LEVY’S CRASHES Patricia Gola

One possible way of evaluating the blows one suffers in one’s life might be to document each of the accidents that take place on a daily basis—some of them spectacular, some not, involving major or minor losses, injuries or mere scratches. On a day like any other, when one least expects it, the brakes fail, and the brand-new car, the taxicab, the truck, the bus or even the ambulance—meant to provide help in these cases—runs into some unavoidable hazard. Whether it is in a posh Buenos Aires neighborhood or at some random crossroads, on the main drag downtown or out in the middle of nowhere, in the black of night or in the bright glare of midday, an accident is waiting to happen.
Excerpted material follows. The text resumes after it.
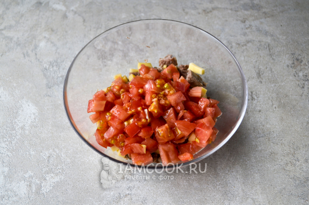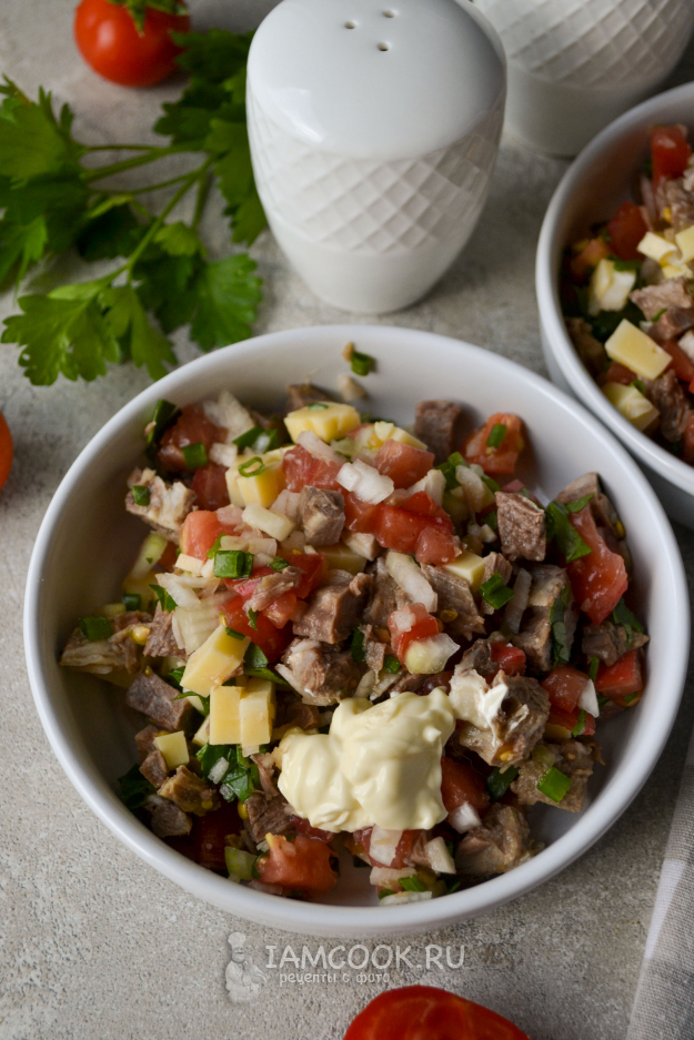 Гусарский салат с говядиной и помидорами готов. Подавайте его порционно, добавив майонез. Приятного аппетита!

After the physical impact, after the screams of pain and the bloody wounds or bruises, what we are dealing with here is also the simple observation of an event. If something grabs our attention while we flip through the pages of this book it is the utter lack of blood that we might expect to see at accidents. Employing a square format (as unchanging and systematic as the document he sets out to make), and although he shoots in color (a choice that undoubtedly clashes with the anonymous character of this type of record), Diego Levy performs an examination or “survey” of an event that upsets the daily sequence of our lives. The author of Choques (Crashes) leaves us alone, completely alone, before the picture of an object that, de facto and by contagion, becomes twice as solitary and silent. Subsequent to the uncontrolled beating of the heart and the unstoppable gush of blood, there lies the lifeless, imperturbable heap of twisted metal. Levy shows us the world literally upside-down, reality subverted. A disorder imbues the precarious order of things.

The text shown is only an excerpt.